* _WHAT TO DO_
With the pictures set aside, return the lines below exactly, beginning at the first and ending at the line containing "招聘岗位:水土保持报告编制员3人(月薪4k-1.2w)".

(Dataset excerpts)
§

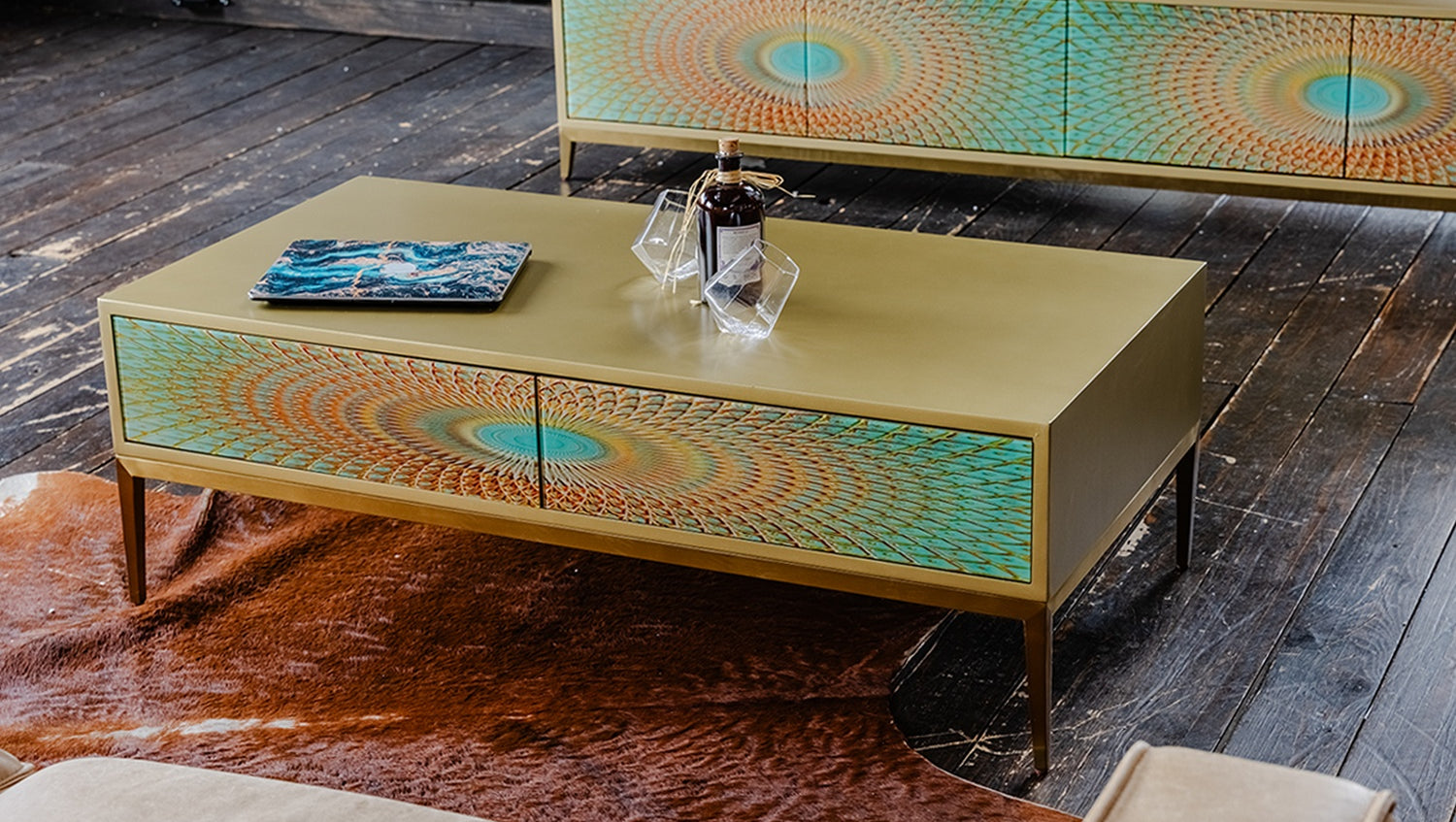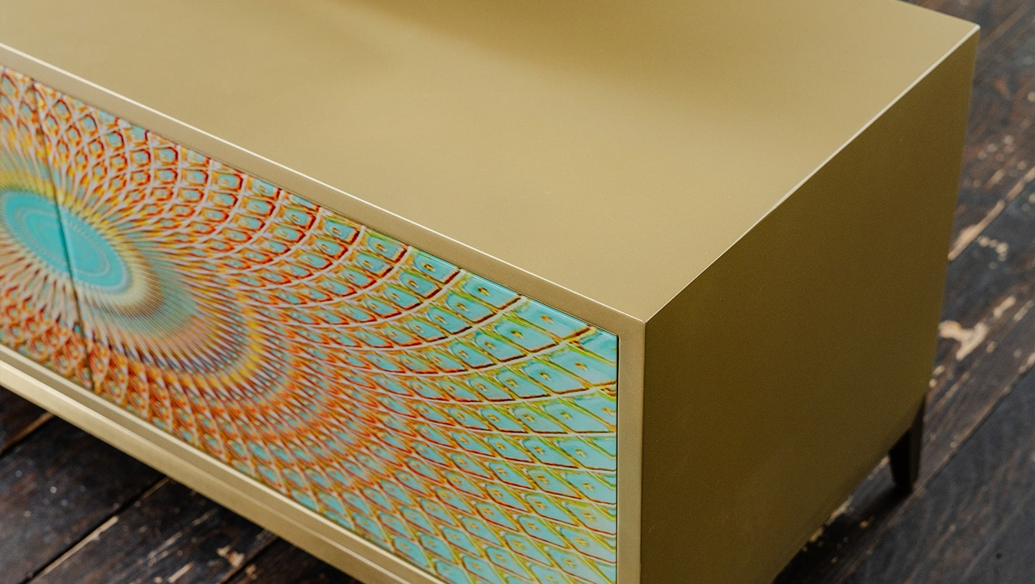 Das KAWOLA Lowboard LAGO besticht durch seine elegante Kombination aus ausgefallenem Design und praktischer Funktionalität. Mit seiner Breite von 200 cm ist es der ideale Platz für Ihren Fernseher. Die Türen sind mit Hartglas beschichtet und weisen goldfarbene Verzierungen auf, die die Form eines Pfauenauges ergeben. Die vier Türen bieten großzügigen Stauraum und lassen sich dank des komfortablen Push-to-Open-Mechanismus mühelos öffnen. Die goldfarbenen Füße aus gebürstetem Edelstahl sorgen für einen modernen, zeitlosen Look und bieten gleichzeitig stabile Standfestigkeit. Das TV-Board LAGO von KAWOLA fügt sich perfekt in jedes Wohnambiente ein und ist ideal für Liebhaber von außergewöhnlichen, eleganten Möbelstücken. Entdecken Sie die perfekte Kombination aus Design und Funktionalität mit dem Lowboard LAGO!
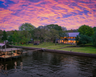 The second level includes two additional ensuite bedrooms and a game room with a wet bar, all opening to a full-length balcony overlooking the lake. The home comfortably sleeps 18+ and is designed for effortless entertaining, with expansive outdoor living on both the covered main-level patio and the upper balcony. The boathouse includes two full-size slips, a spacious covered sitting area, fish-cleaning station, composite party deck with slide, storage room, and a separate fishing pier.
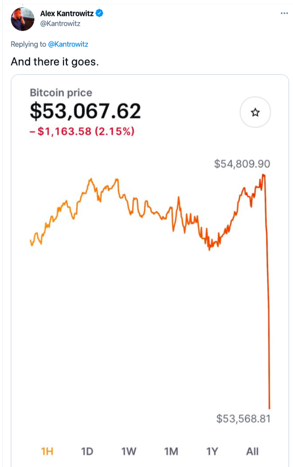 The difference today: there’s no relief in crypto. Tesla CEO Elon Musk dropped a bomb yesterday evening, Tweeting the company will no longer takeBitcoin for purchases on account of [checks notes] …oh, right, the planet.
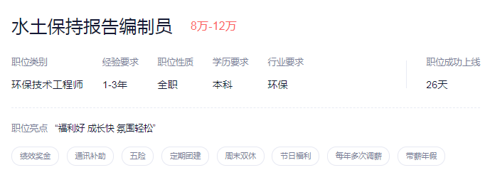 招聘岗位:水土保持报告编制员3人(月薪4k-1.2w)
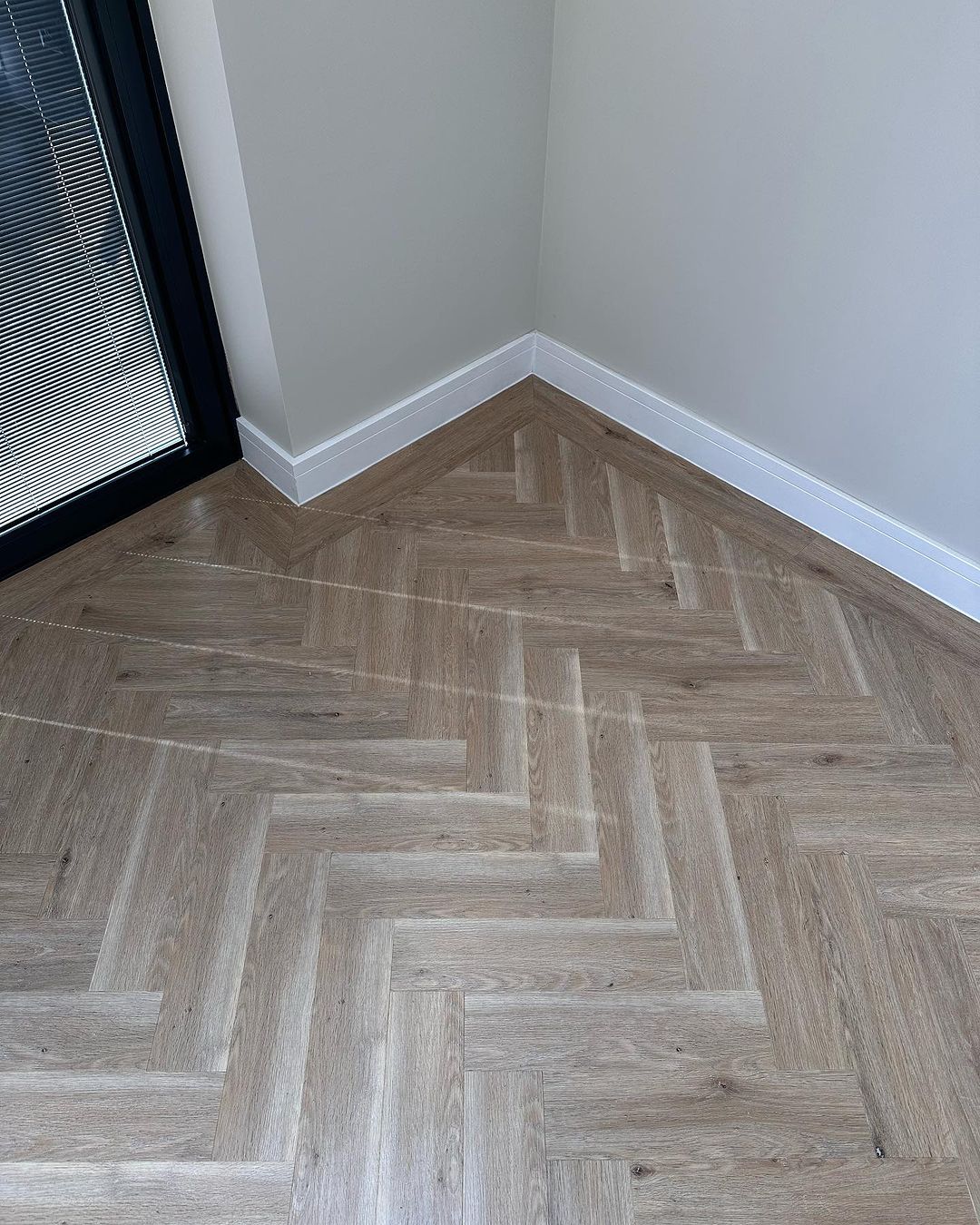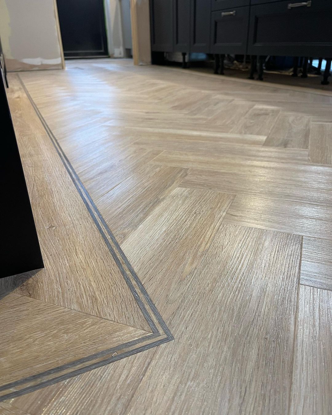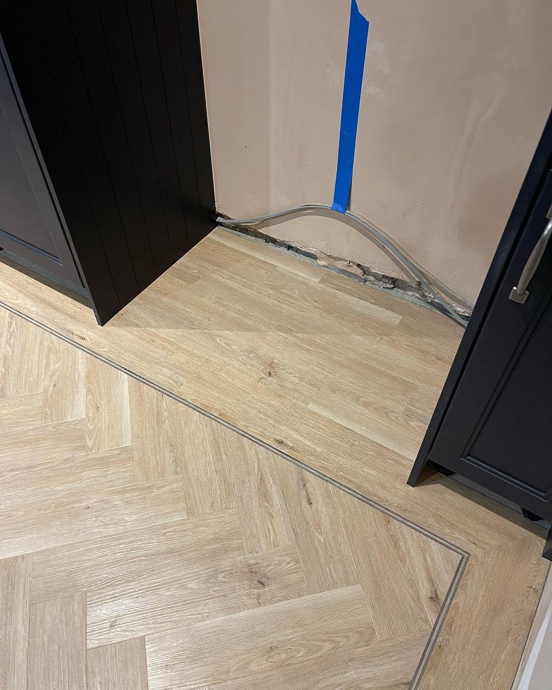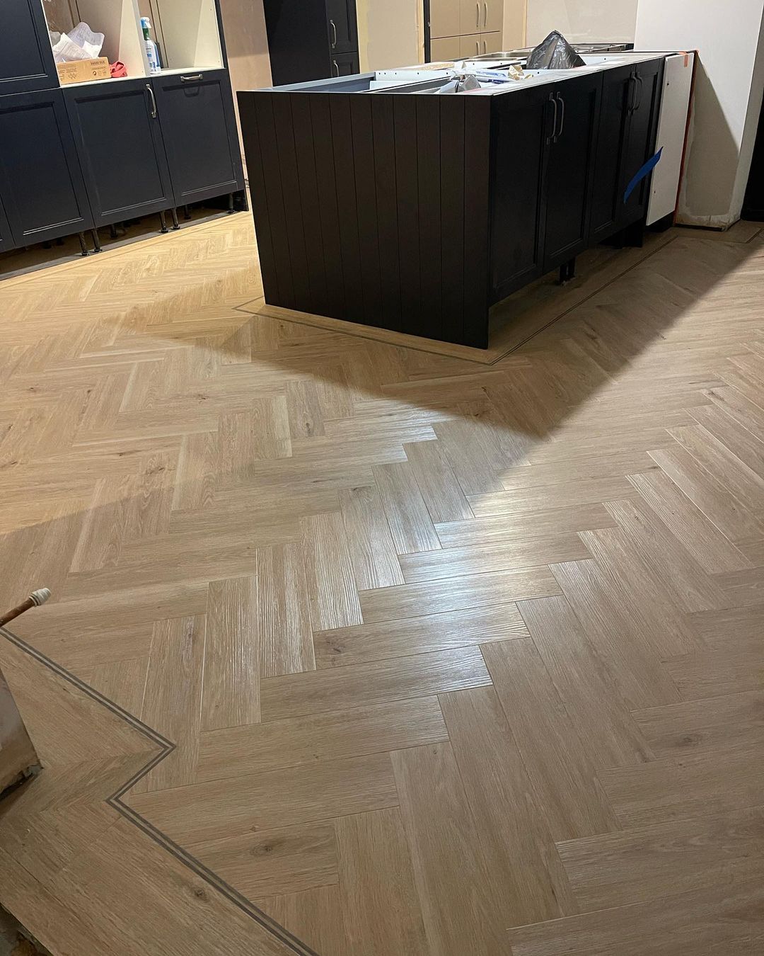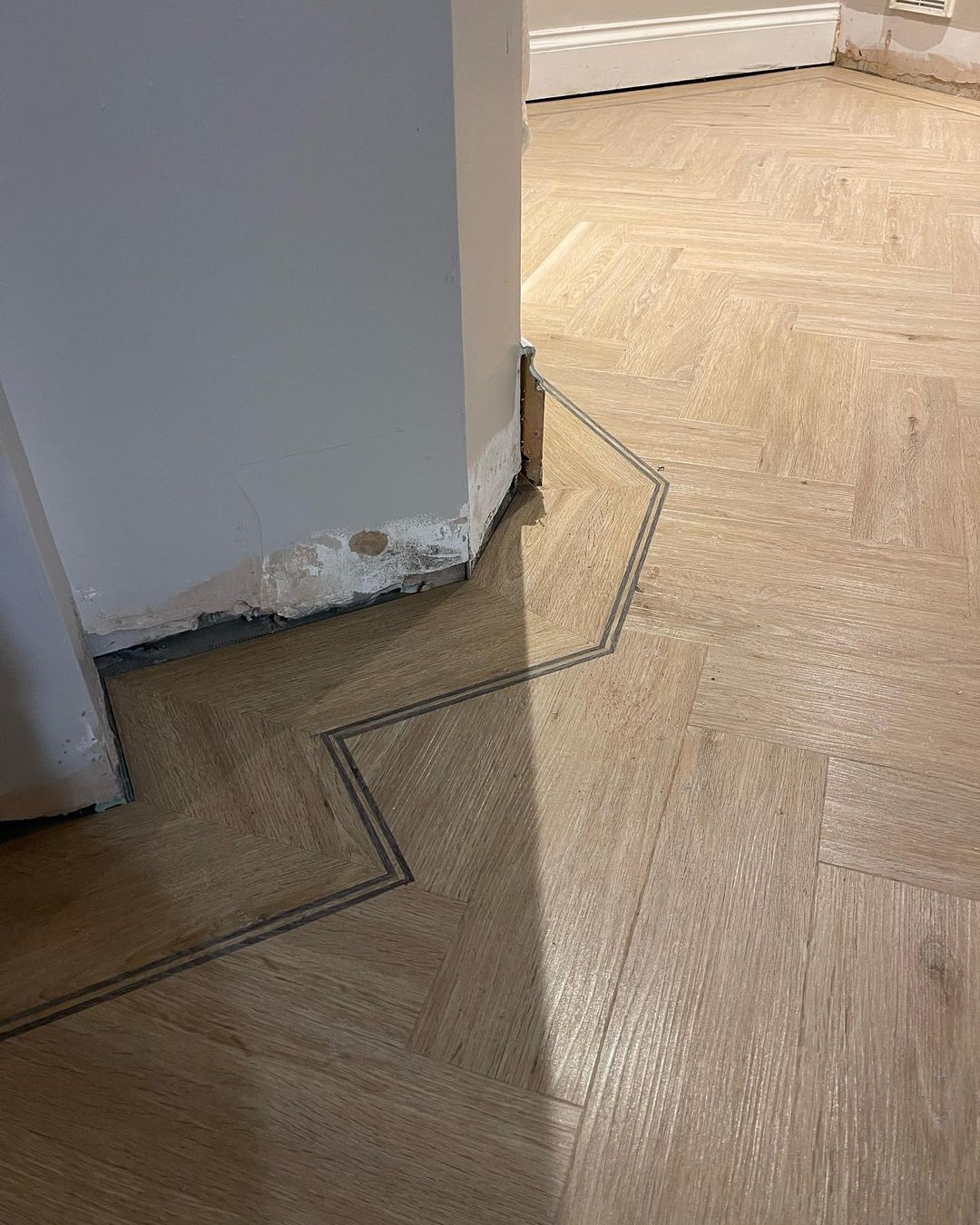 This is a great fit from MFLOWERSFLOORING. This is our Herringbone LVT range and is a really good example of borders and feature strips. The end result is stunning.

§

* _SOLUTION FOR THIS EXERCISE_
 Das KAWOLA Lowboard LAGO besticht durch seine elegante Kombination aus ausgefallenem Design und praktischer Funktionalität. Mit seiner Breite von 200 cm ist es der ideale Platz für Ihren Fernseher. Die Türen sind mit Hartglas beschichtet und weisen goldfarbene Verzierungen auf, die die Form eines Pfauenauges ergeben. Die vier Türen bieten großzügigen Stauraum und lassen sich dank des komfortablen Push-to-Open-Mechanismus mühelos öffnen. Die goldfarbenen Füße aus gebürstetem Edelstahl sorgen für einen modernen, zeitlosen Look und bieten gleichzeitig stabile Standfestigkeit. Das TV-Board LAGO von KAWOLA fügt sich perfekt in jedes Wohnambiente ein und ist ideal für Liebhaber von außergewöhnlichen, eleganten Möbelstücken. Entdecken Sie die perfekte Kombination aus Design und Funktionalität mit dem Lowboard LAGO!
 The second level includes two additional ensuite bedrooms and a game room with a wet bar, all opening to a full-length balcony overlooking the lake. The home comfortably sleeps 18+ and is designed for effortless entertaining, with expansive outdoor living on both the covered main-level patio and the upper balcony. The boathouse includes two full-size slips, a spacious covered sitting area, fish-cleaning station, composite party deck with slide, storage room, and a separate fishing pier.
 The difference today: there’s no relief in crypto. Tesla CEO Elon Musk dropped a bomb yesterday evening, Tweeting the company will no longer takeBitcoin for purchases on account of [checks notes] …oh, right, the planet.
 招聘岗位:水土保持报告编制员3人(月薪4k-1.2w)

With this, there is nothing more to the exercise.